Transcribe the entries that follow, every word as written, and drop the pictures.

*** Block opens ***

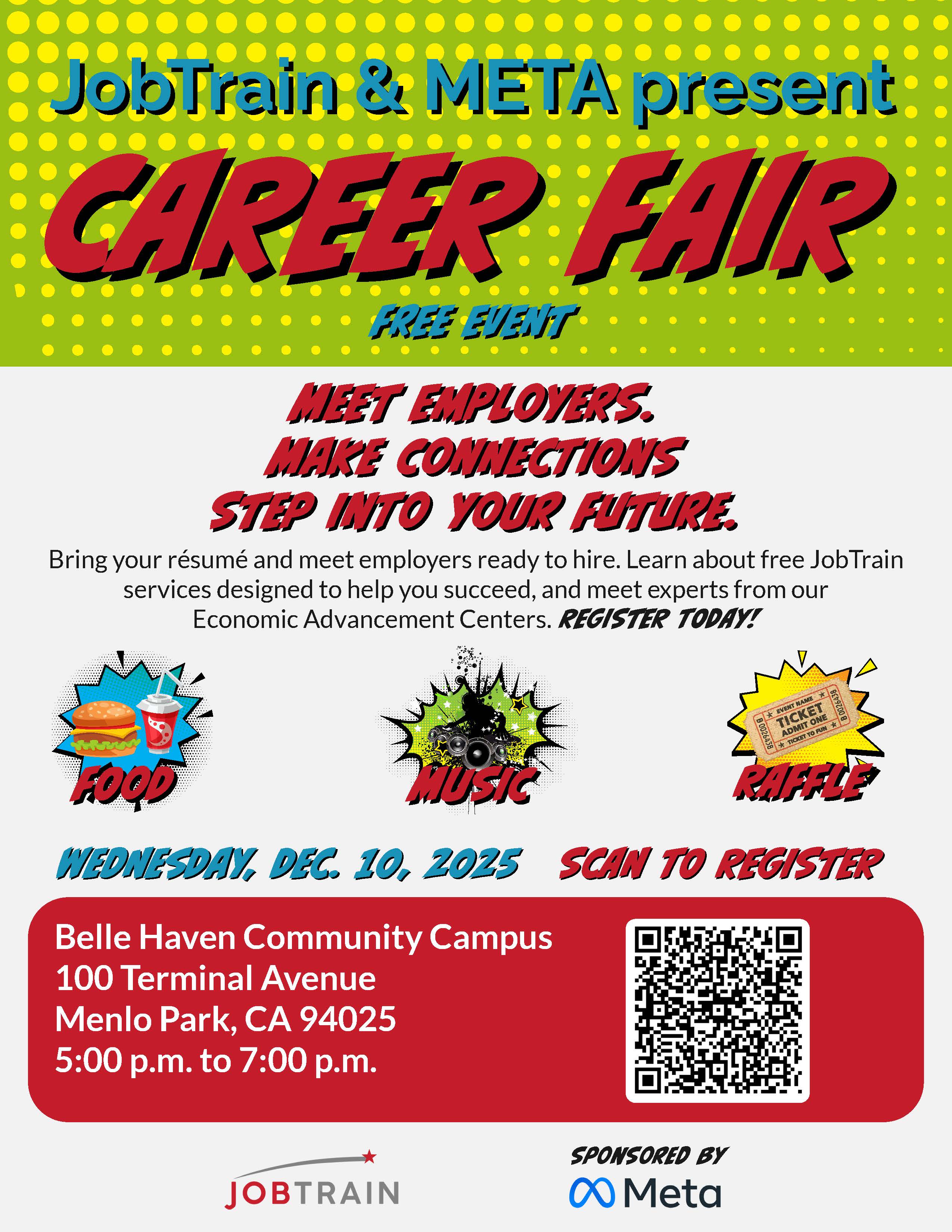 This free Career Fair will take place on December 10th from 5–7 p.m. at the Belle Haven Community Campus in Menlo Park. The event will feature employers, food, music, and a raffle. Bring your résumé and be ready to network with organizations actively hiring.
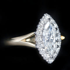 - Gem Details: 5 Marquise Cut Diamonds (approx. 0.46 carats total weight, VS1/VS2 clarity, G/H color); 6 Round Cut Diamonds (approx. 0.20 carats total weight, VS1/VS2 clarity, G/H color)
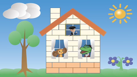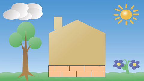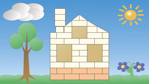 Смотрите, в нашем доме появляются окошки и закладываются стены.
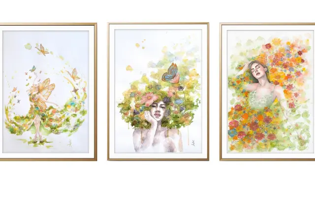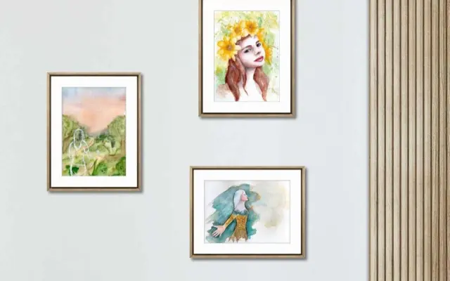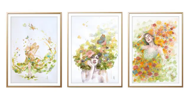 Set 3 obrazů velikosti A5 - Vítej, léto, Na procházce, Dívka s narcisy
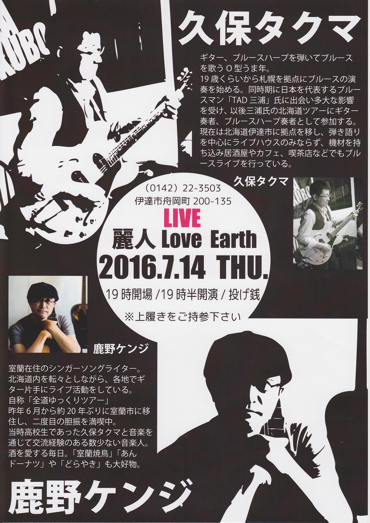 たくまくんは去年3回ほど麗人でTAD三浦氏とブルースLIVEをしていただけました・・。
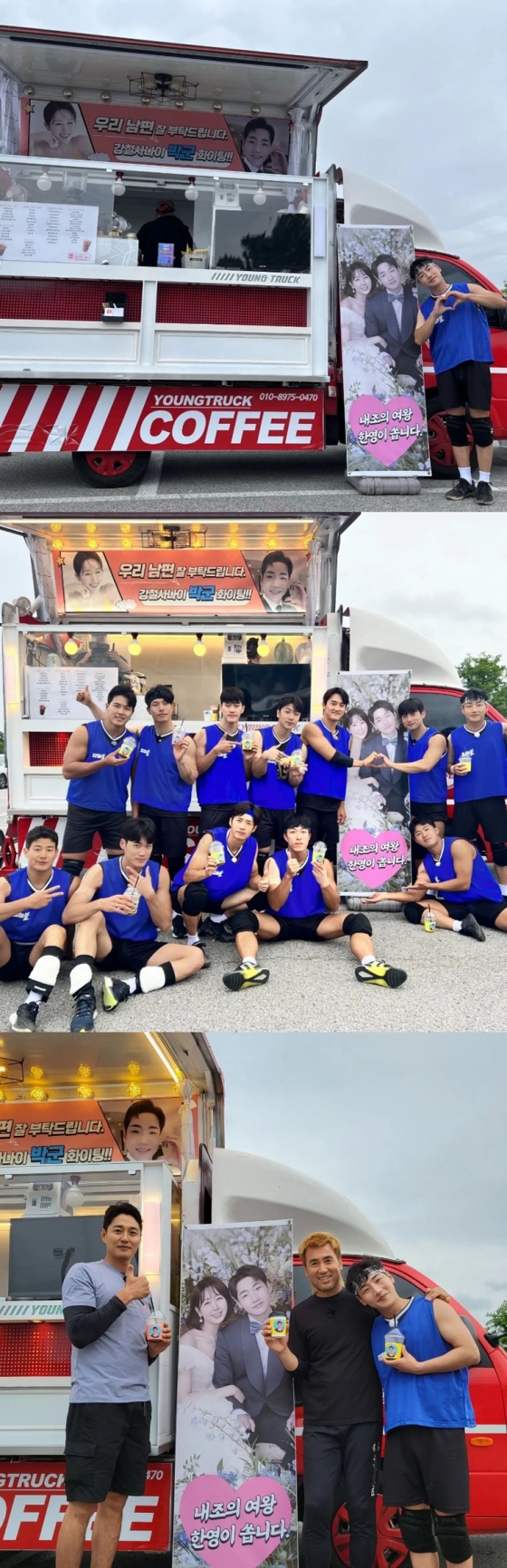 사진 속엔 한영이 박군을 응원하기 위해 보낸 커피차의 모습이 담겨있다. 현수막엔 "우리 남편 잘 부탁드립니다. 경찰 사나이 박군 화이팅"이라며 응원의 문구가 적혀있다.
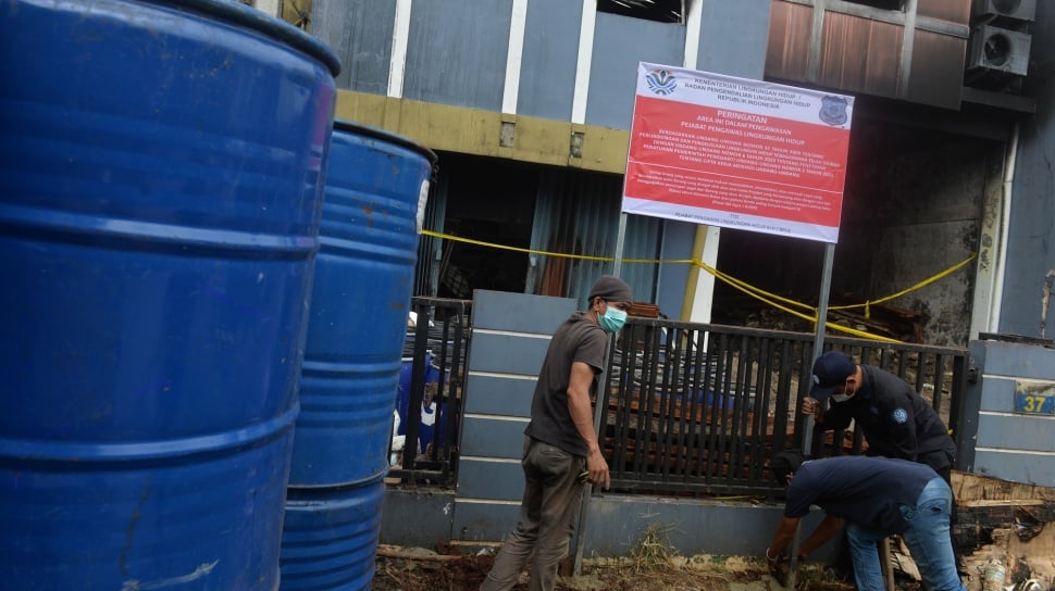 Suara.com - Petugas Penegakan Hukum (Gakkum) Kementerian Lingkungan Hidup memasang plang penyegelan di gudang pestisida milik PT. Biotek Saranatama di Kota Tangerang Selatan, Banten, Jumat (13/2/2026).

*** Block closes ***

▸ **Solution for this exercise**:
 This free Career Fair will take place on December 10th from 5–7 p.m. at the Belle Haven Community Campus in Menlo Park. The event will feature employers, food, music, and a raffle. Bring your résumé and be ready to network with organizations actively hiring.
 - Gem Details: 5 Marquise Cut Diamonds (approx. 0.46 carats total weight, VS1/VS2 clarity, G/H color); 6 Round Cut Diamonds (approx. 0.20 carats total weight, VS1/VS2 clarity, G/H color)
 Смотрите, в нашем доме появляются окошки и закладываются стены.
 Set 3 obrazů velikosti A5 - Vítej, léto, Na procházce, Dívka s narcisy
 たくまくんは去年3回ほど麗人でTAD三浦氏とブルースLIVEをしていただけました・・。
 사진 속엔 한영이 박군을 응원하기 위해 보낸 커피차의 모습이 담겨있다. 현수막엔 "우리 남편 잘 부탁드립니다. 경찰 사나이 박군 화이팅"이라며 응원의 문구가 적혀있다.
 Suara.com - Petugas Penegakan Hukum (Gakkum) Kementerian Lingkungan Hidup memasang plang penyegelan di gudang pestisida milik PT. Biotek Saranatama di Kota Tangerang Selatan, Banten, Jumat (13/2/2026).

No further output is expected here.